Unicode keyboard input and fonts (was: Re: Keycaps??)
Bert Freudenberg
bert at impara.de
Mon Jun 12 13:35:59 UTC 2006
Jim,
Squeak has switched from MacRoman encoding to Unicode in 3.8. The 8-
bit subset of unicode, iso-8859-1 (a.k.a. Latin1) is what can be
reached by old-style keyboard mappings and fonts. While MacRoman
*did* have english typographic quotes, Latin1 only has french («...»):
http://en.wikipedia.org/wiki/MacRoman
http://en.wikipedia.org/wiki/Latin1
Indeed, I can type french quotes fine in a 3.8 Squeak.
Note that Windows puts english typographic quotes into the reserved
slots of Latin1, which makes people use them, which makes browser
developers show them as if they were indeed valid latin1 chars, which
leads to severe confusion:
http://en.wikipedia.org/wiki/Windows-1252
While we could employ a similar hack, the *proper* way for us would
be to use unicode text, which Squeak should be able to do since 3.8
thanks to the fine Japanese folkss:
WideString from: #(16r2018 16r2019 16r201C 16r201D)
This is displayed as '????', because we lack unicode fonts containing
the right glyphs.
The Mac VM already provides Unicode keyboard input, as 6th element of
the event buffer. It's unused sofar.
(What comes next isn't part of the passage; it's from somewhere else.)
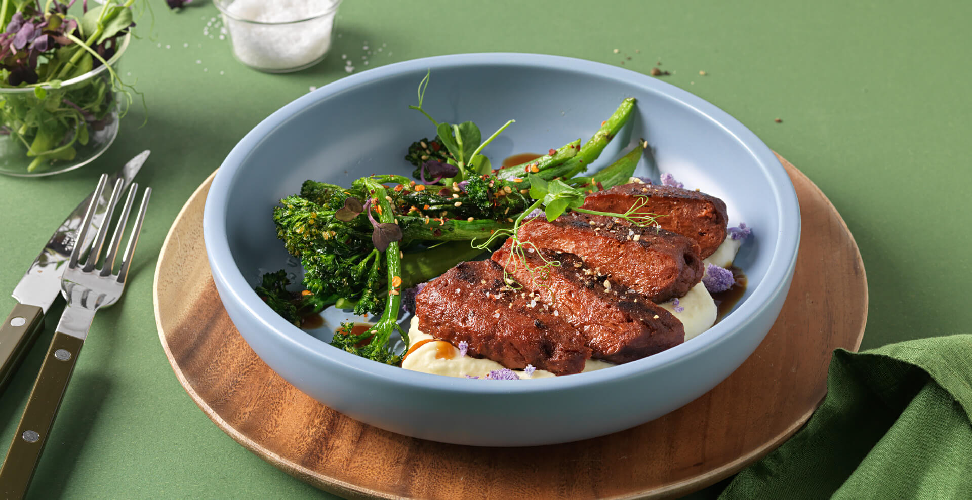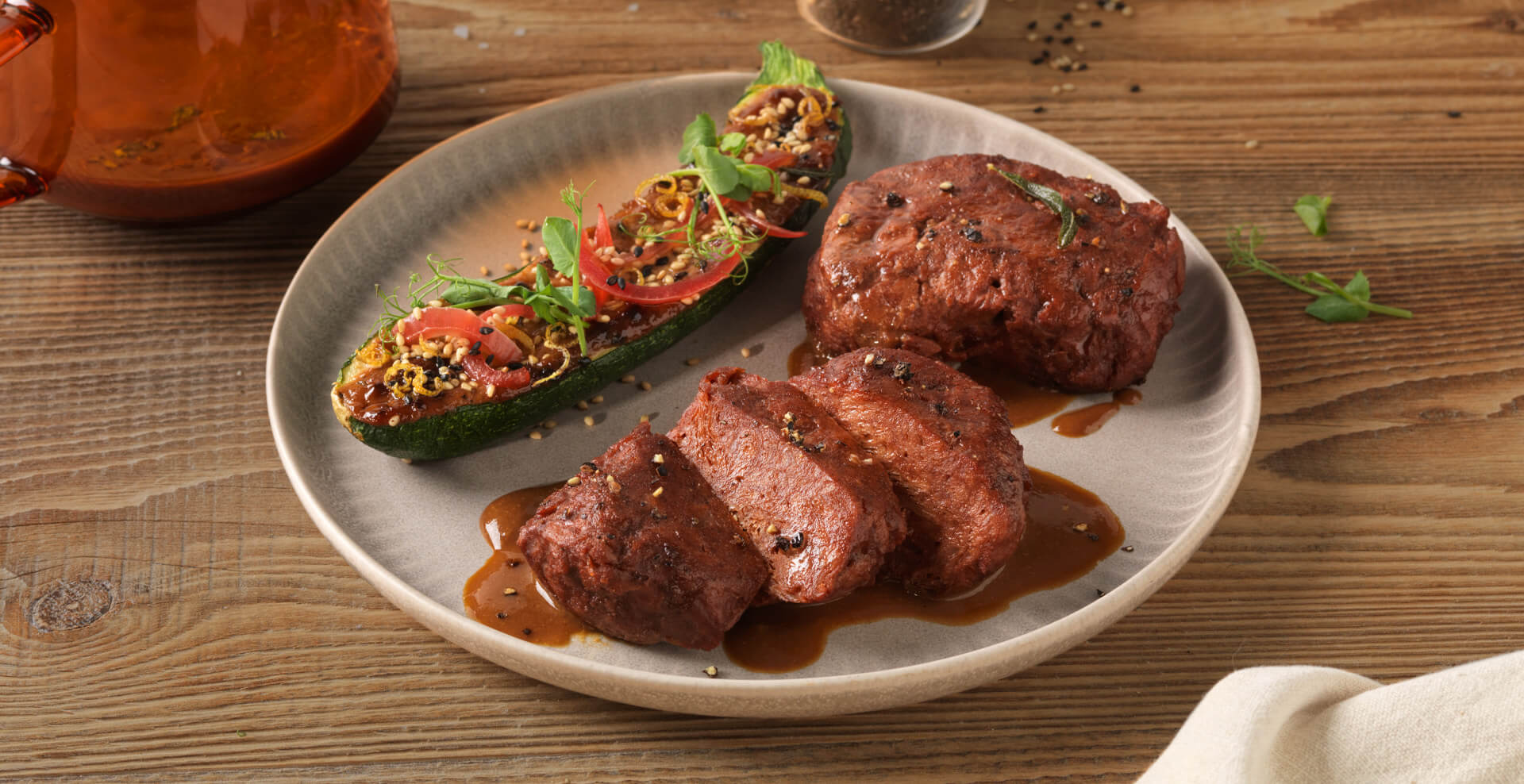Das plant-based Gourmetsteak tranchieren und mit der Balsamico-Bratensauce auf dem Teller anrichten.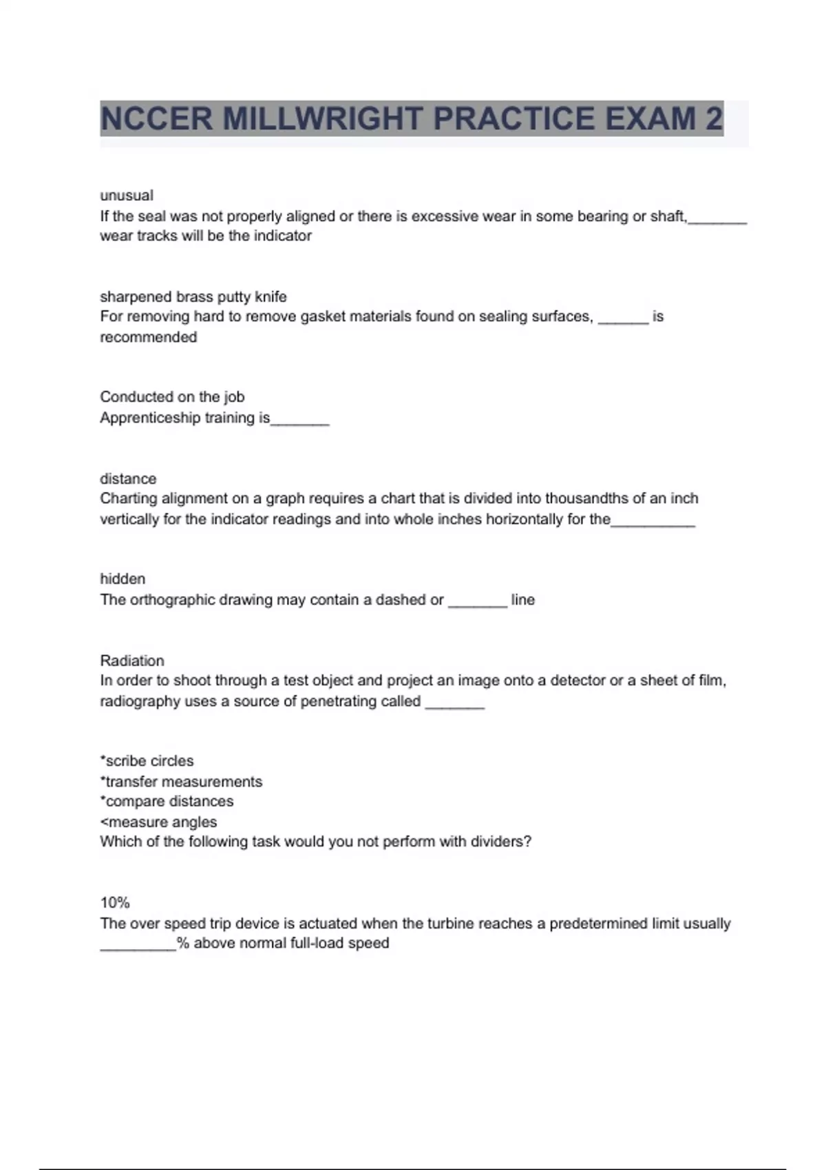 NCCER MILLWRIGHT PRACTICE EXAM 2 QUESTIONS AND ANSWERS 100% ACCURATE 2023 /2024 COMPLETE SOLUTION unusual If the seal was not properly aligned or there is excessive wear in some bearing or shaft,_______ wear tracks will be the indicator sharpened brass putty knife For removing hard to remove gasket materials found on sealing surfaces, ______ is recommended Conducted on the job Apprenticeship training is_______

You can use it by inserting the
following line into MacUnicodeInputInterpreter>>nextCharFrom:firstEvt:
evtBuf fourth = EventKeyChar ifTrue: [^Unicode value: evtBuf sixth].
Leave the rest of that method in place, even though it is incorrect
(#macToSqueak should produce Unicode chars nowadays, but for
historical reasons still produces an 8-bit mapping).
Also, to make Morphic use that interpreter temporarily:
LanguageEnvironment classPool at: #InputInterpreterClass put:
MacUnicodeInputInterpreter.
ActiveHand clearKeyboardInterpreter.
With that, Option-[ actually inserts the character valued 16r201C,
though it still is displayed as "?". You can verify that using
$? asUnicode hex
(where the "?" is typed as "Option-[") which gives '16r201C'.
There are free bitmapped (BDF) and vector (TTF) fonts, but I am not
sure if anyone has tried to make them available in Squeak, yet:
http://freeunifont.sourceforge.net/
http://www.nongnu.org/freefont/
Also, I'm unsure about the unicode support of VMs other than John's.
- Bert -
Am 11.06.2006 um 07:34 schrieb John M McIntosh:
> Works fine in a 3.5-5180 image, likely an artifact of:
>
> a) switch from original apple fonts to accufonts
> b) multiple language support.
>
> likely someone else on the list can explain which of these two
> items is the culprit.
>
> I'll note if you type option-] in a workspace you see nothing, but
> if you copy/paste that nothing to TextEdit why you get the expected
> characters.
>
> On 10-Jun-06, at 4:01 PM, Jim Rosenberg wrote:
>
>>> You should indicate which macintosh VM and version you are using.
>>
>> VM is 3.8.6Beta6.app.
>>
>> Squeak is 3.8 update #6665.
>>
>>> You need to give a bit more information about the keyboard you
>>> have set
>>> in os-x preferences, which keystrokes you are using, what you
>>> expect
>>> that keystroke to give you say in TextEdit, and what happens in
>>> Squeak.
>>
>> I'm showing US keyboard script Roman.
>>
>> The "normal" keys for typographic quotes I expect are:
>>
>> Double-quotes: option-[, shift-option-[
>>
>> Single-quotes: option-], shift-option-]
>>
>> They work fine in every app except Squeak. (They work fine in
>> TextEdit.)
>>
>> When I bring down the character palette, highlight the right
>> single quote and click insert, Squeak shows it as simply a
>> question-mark. When I type shift-option-], instead of getting the
>> right single quote, I'm getting the character at position 92 in
>> the MorphicFontEditor.
>>
>> It sounds like my keyboard mapping has gotten confused somehow --
>> if you can straighten me out I'd be much obliged!